The court discussed several recent cases that examined the enforceability of arbitration provisions contained within clickwrap agreements and identified the following facts as relevant:

  • The font size, bolding, and capitalization of the relevant language;
  • The color of the hyperlink directing the user to the full agreement and whether it “stands out” from the other language;
  • Whether the language next to the checkbox sufficiently notifies the user that he or she is entering into an agreement (as opposed to merely completing a purchase or step, e.g., clicking “place your order” does not specifically manifest assent to additional terms);
  • The layout of the page, including whether the page is “cluttered”;
  • Whether the relevant language directing the user to the full agreement is conspicuously placed on the webpage;
  • The number of other links on the same webpage;
  • The number of different font types and sizes used on the same webpage;
  • Whether the page contains distracting elements, such as other “buttons” or “promotional advertisements”; and
  • Whether notice of the full agreement is provided contemporaneously with the user’s agreement (i.e., on the same page), or later in time (i.e., via a follow-up email).
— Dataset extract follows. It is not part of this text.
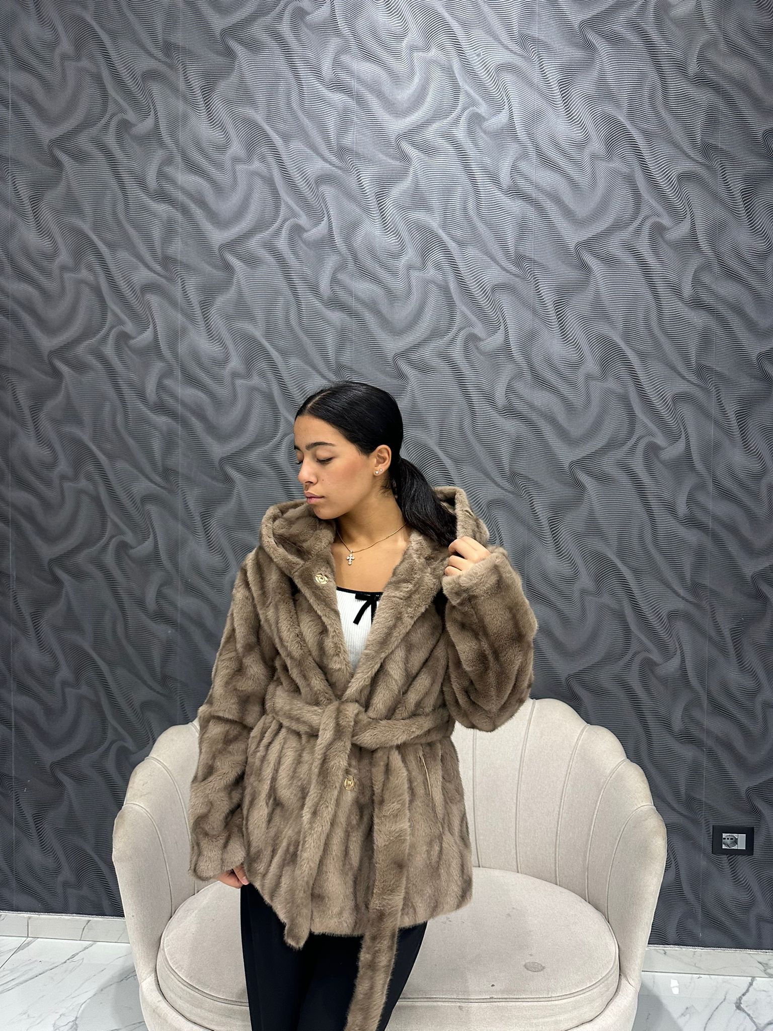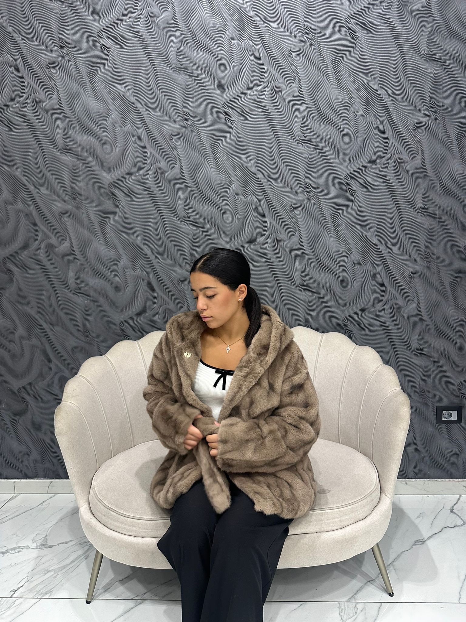 Questa pelliccia ecologica con cappuccio e cintura rappresenta una scelta sostenibile senza rinunciare all’eleganza. Realizzata con materiali di alta qualità, offre un’ottima protezione dal freddo mantenendo leggerezza e comfort. Il cappuccio aggiunge versatilità e protezione extra, mentre la cintura permette di definire la silhouette con stile. Perfetta per affrontare le giornate più fredde con un tocco raffinato e consapevole.
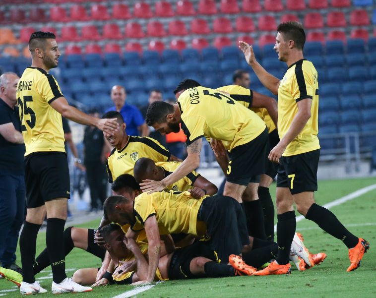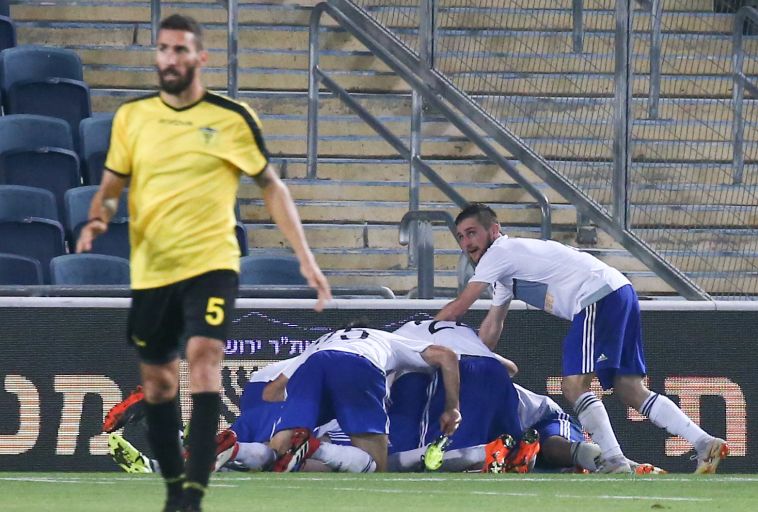 שחקני בית"ר חוגגים את שער היתרון (דני מרון)

In sum, the “inquiry whether a web user had ‘reasonable notice’ of contract terms contained in a contract accessible by hyperlink depends on the ‘totality of the circumstances.'” Here, the “AAU application screen clearly draws a reasonable user’s attention to it because of the blue hyperlinks, the red asterisks, the normal font size, and the clear contrast between the mostly black text and the yellow background.” In addition, the terms and conditions box was “prominently placed squarely in the middle of the very end of the application, which is a conspicuous part of the application because it is the last place an applicant looks before finishing the application process.” After discussing other characteristics of the webpage, the court found that the user had sufficient “reasonable notice” of the arbitration provision contained within the clickwrap agreement, and therefore the arbitration agreement was enforceable.

Hidalgo v. Amateur Athletic Union of the United States, Inc., No. 1:19-cv-10545 (S.D.N.Y. June 16, 2020).

DISCLAIMER: Because of the generality of this update, the information provided herein may not be applicable in all situations and should not be acted upon without specific legal advice based on particular situations.